Our previous modeling of hydrogenated M4clusters on zeolite support27,28 suggested that the optimum amount of adsorbed hydrogen on these clusters is lower than that of clusters of the same size in the gas phase because some coordination sites on the metal framework are blocked by the support. Therefore, changes in the type of the most stable organic species on supported Ir4Hn clusters is expected to occur at lower amounts of adsorbed hydrogen, i.e., at lower hydrogen pressure. Thus, π-bonded ethene can be expected as the dominant species at even lower values of P(H2) than those shown in Fig. 5c.
The calculated values of ΔEDA (Tables 1 and 2), between −61 kJ mol−1 and −77 kJ mol−1, show that ethene or ethyne as ligand of the metal particle slightly reduce the binding energy of hydrogen on the iridium cluster, compared to bare Ir4 species for which the average energy of dissociative adsorption of hydrogen from the gas phase was calculated at −74 kJ mol−1.30 In contrast, the complexes with ethylidyne show notable increase of the ΔEDA value for the three initial H ligands, i.e., this organic ligand substantially modifies the energy for dissociative adsorption of hydrogen on the iridium moiety, as described above. As the type of the most stable organic species on the cluster varies with hydrogen loading, the calculated Gibbs free energy for the desorption of ethene or ethane from the complex (C2Hm)Ir4Hn depends non-monotonously on k = n + m (Fig. 4b). While the desorption of ethene is calculated to be always endergonic (by at least 150 kJ mol−1), the desorption of ethane becomes thermodynamically favorable for complexes containing at least 9 hydrogen atoms, i.e., in which at least three hydride ligands will remain on the metal cluster after desorption.
The above discussion addresses a large variety of rather different chemical processes, namely adsorption of ethene or ethyne on bare (Ir4) or hydride metal clusters (Ir4Hn), changes of the adsorption mode (π- or di-σ-coordinated), transformations between different adsorbed species, e.g., dehydrogenation of ethene in H2CH2CIr4Hn to ethyne and 2 hydride ligands, coordinated to the metal particle.

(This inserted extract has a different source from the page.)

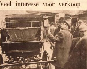Een maand later in Bussum vindt opnieuw het gebruikelijk ritueel plaats, namelijk van twee stalhouderijen met de geijkte inventaris. Het is wel voor het eerst dat de kranten de nieuwswaarde gaan zien van zo’n veiling: “Bussum heeft het slechte voorbeeld van Hilversum gevolgd. Ook hier heeft de techniek de romantiek verdreven, en zullen geen stralende bruidjes meer in romantische trouwcoupés naar het stadhuis rijden. De statige lijkkoetsen zijn van de weg verdwenen en na een korte opleving in de oorlogsjaren van paard en rijtuig, heeft de auto hier weer de plaats hervonden, welke hij reeds voor de oorlog aan het innemen was. Na een kwijnend bestaan in de laatste jaren hebben de twee laatste en oudste stalhouderijen ter plaatse, de fa. v. d. Linde in de Landstraat en Buwalda aan de Brinklaan hun strijd opgegeven en hun inventaris in veiling gebracht. De paarden waren reeds uit de hand verkocht. Er bestond voor deze exclusieve veiling buitengewoon grote belangstelling, niet alleen uit het Gooi, w.o. vele boeren, doch uit het gehele land was men naar Bussum gekomen, uit Den Haag, Rotterdam, Amsterdam. Abcoude, Driebergen en zelfs uit Brabant. Vele koopjes gingen Bussum uit De makelaar M. van Delden bracht de inventaris ten overstaan van deurwaarder Hermes in veiling en het gezelschap was hoog gezeten op een boerenwagen, terwijl de kopers, die vrij rumoerig waren, in de stalhouderij de koopjes bespraken. De gehele stalhouderij was gevuld met vele werktuigen en gereedschappen, terwijl buiten de trouwcoupés, landauers, lijkkoets, kinderlijkkoets, zwarte staatsiekoetsen en de vigilantes stonden. De wanden waren ingenomen door fraaie spannen- en eenpaardstuigen, livreien, w.o. zwarte bokjassen en zomerjassen, zwarte pluimen en sjabrakken, arrentuigen en arrenbellen. De in den treure voor de radio gespeelde en gezongen schlager: ‘Er hing een paardenhoofdstel aan de muur’, was hier in praktijk gebracht, en er hingen er zelfs vele, w.o. vele goede. Aanvankelijk was men wat schuchter met het bieden. Het eerste koopje – een hooivork en een greep – ging voor twee kwartjes naar Rotterdam. Voor de twee metalen paardenkoppen, uithangborden voor een stalhouderij, bleek nog veel belangstelling. Men joeg ze op tot 36 gulden. Een prima staatsielantaarn liep op tot ƒ 70, doch prachtig arrentuig met leidsels en koppluimen, als iets aparts aangekondigd bracht het slechts tot ƒ 24. Het paardenhoofdstel uit de schlager heeft de auteur meer opgeleverd dan de stalhouder. Het kwam slechts tot ƒ 14. Een zwarte bokjas zal voor ƒ 62 in Abcoude worden afgedragen. De koper had de keus voor de volgende, doch was zo verstandig er maar één te nemen, want de andere gingen voor ƒ 17, waarna de rest snel devalueerde tot ƒ 5, ƒ 2 en zelfs ƒ 1.” (Gooi- en Eemlander 24-10-1949)

As can be seen from the provided data, the adsorption of ethene and ethyne on the bare and hydrogenated iridium clusters is exergonic and the Gibbs free energy for the adsorption varies from −117 kJ mol−1 to −184 kJ mol−1 for ethene and from −186 kJ mol−1 to −287 kJ mol−1 for ethyne. For ethene adsorption on the metal particle, we were not able to identify a clear dependence of the adsorption energy on the number of adsorbed H ligands on the metal clusters. This is not so for the adsorption energy of ethyne: it becomes less negative with increasing hydrogen loading of the cluster, by 5–6 kJ mol−1 per H. At low hydrogen loading, we calculated the most negative Gibbs free energy of ethyne adsorption in the di-σ-mode, below −250 kJ mol−1, but at an H/Ir ratio of 1.5 the adsorption becomes notably less favorable as ΔGads rises sharply by more than 70 kJ mol−1. Concomitantly, the Ir–C distances elongate, by up to 7 pm.
The dehydrogenation of ethene in the complexes H2CH2CIr4Hn to adsorbed ethyne, with the formation of H2 in the gas phase, was calculated to be endergonic for both types of coordination and the energy required for the processes depends on the amount of hydrogen on the metal cluster.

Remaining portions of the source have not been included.